Domain Agnostic Image-to-image Translation using Low-Resolution Conditioning

from arxiv, 19 pages, 23 figures. arXiv admin note: substantial text overlap with arXiv:2107.11262. Under consideration in Computer Vision and Image Understanding

Generally, image-to-image translation (i2i) methods aim at learning mappings across domains with the assumption that the images used for translation share content (e.g., pose) but have their own domain-specific information (a.k.a. style). Conditioned on a target image, such methods extract the target style and combine it with the source image content, keeping coherence between the domains.
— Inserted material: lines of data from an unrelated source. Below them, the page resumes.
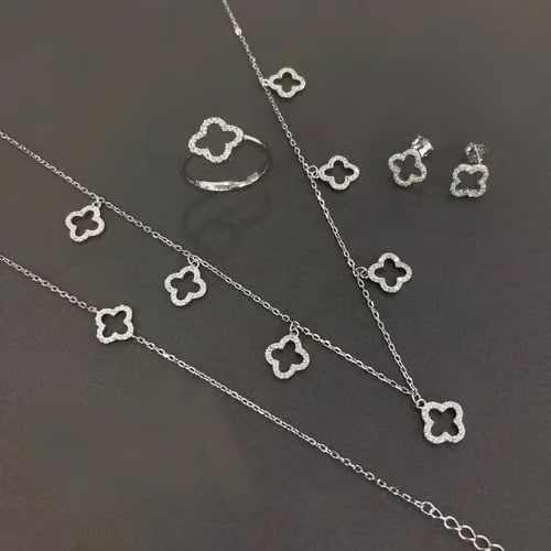 Will you find a unique piece that gives you a sense of strength and beauty like this? This distinctive silver set, which consists of a harmonious, elegant necklace, soft earrings, an elegant ring and a bracelet that makes you feel different when you wear it, will be the perfect choice, and will be admired by everyone who sees it.
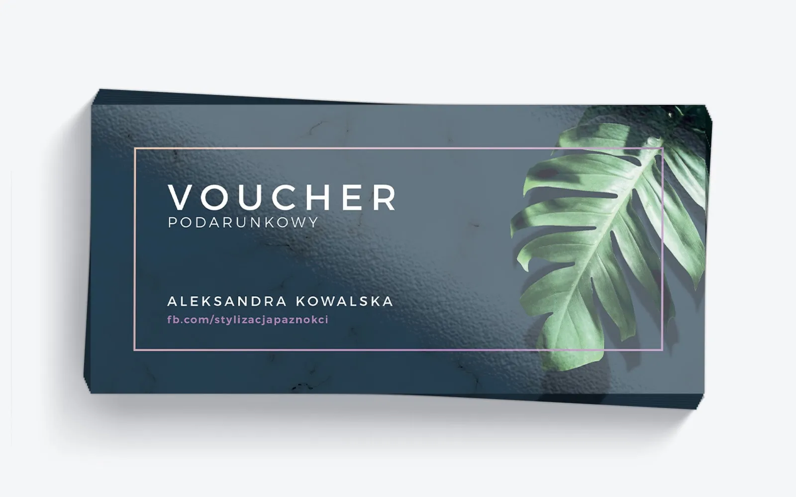 Projekt został wzbogacony o ciekawy akcent graficzny – zielony liść monstery, jednej z najmodniejszych roślin doniczkowych, symbolizującej świeżość i naturę. Liść został umieszczony w prawym górnym rogu, co nadaje voucherowi nowoczesny i modny wygląd. Roślinny motyw doskonale komponuje się z ciemnym tłem oraz pastelowymi odcieniami różu i fioletu, tworząc harmonijną całość.
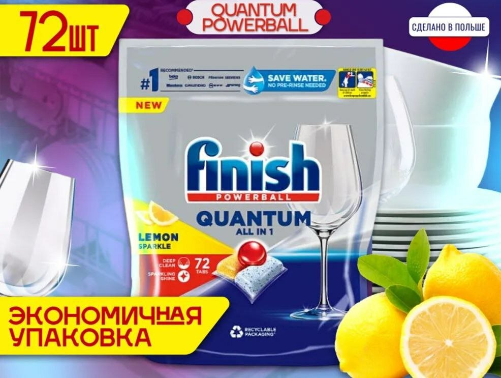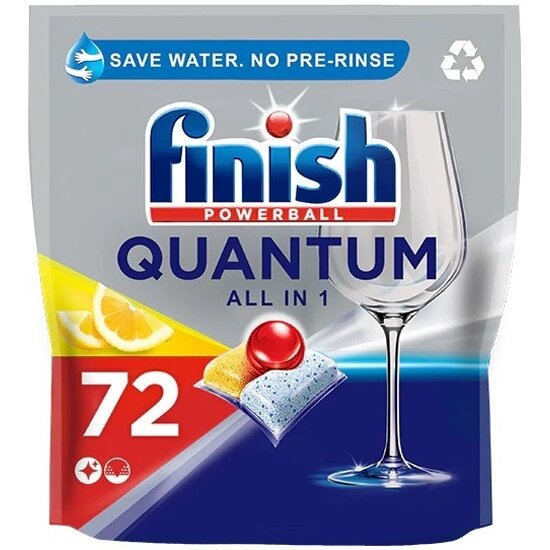 | Комплектация | Капсулы для посудомоечной машины Finish Quantum Powerball All in 1 Lemon (Финиш Квантум все в 1 с ароматом лимона), 1 упаковка - 72 шт.. |

In our proposal, we depart from this traditional view and instead consider the scenario where the target domain is represented by a very low-resolution (LR) image, proposing a domain-agnostic i2i method for fine-grained problems, where the domains are related. More specifically, our domain-agnostic approach aims at generating an image that combines visual features from the source image with low-frequency information (e.g. pose, color) of the LR target image. To do so, we present a novel approach that relies on training the generative model to produce images that both share distinctive information of the associated source image and correctly match the LR target image when downscaled. We validate our method on the CelebA-HQ and AFHQ datasets by demonstrating improvements in terms of visual quality. Qualitative and quantitative results show that when dealing with intra-domain image translation, our method generates realistic samples compared to state-of-the-art methods such as StarGAN v2. Ablation studies also reveal that our method is robust to changes in color, it can be applied to out-of-distribution images, and it allows for manual control over the final results.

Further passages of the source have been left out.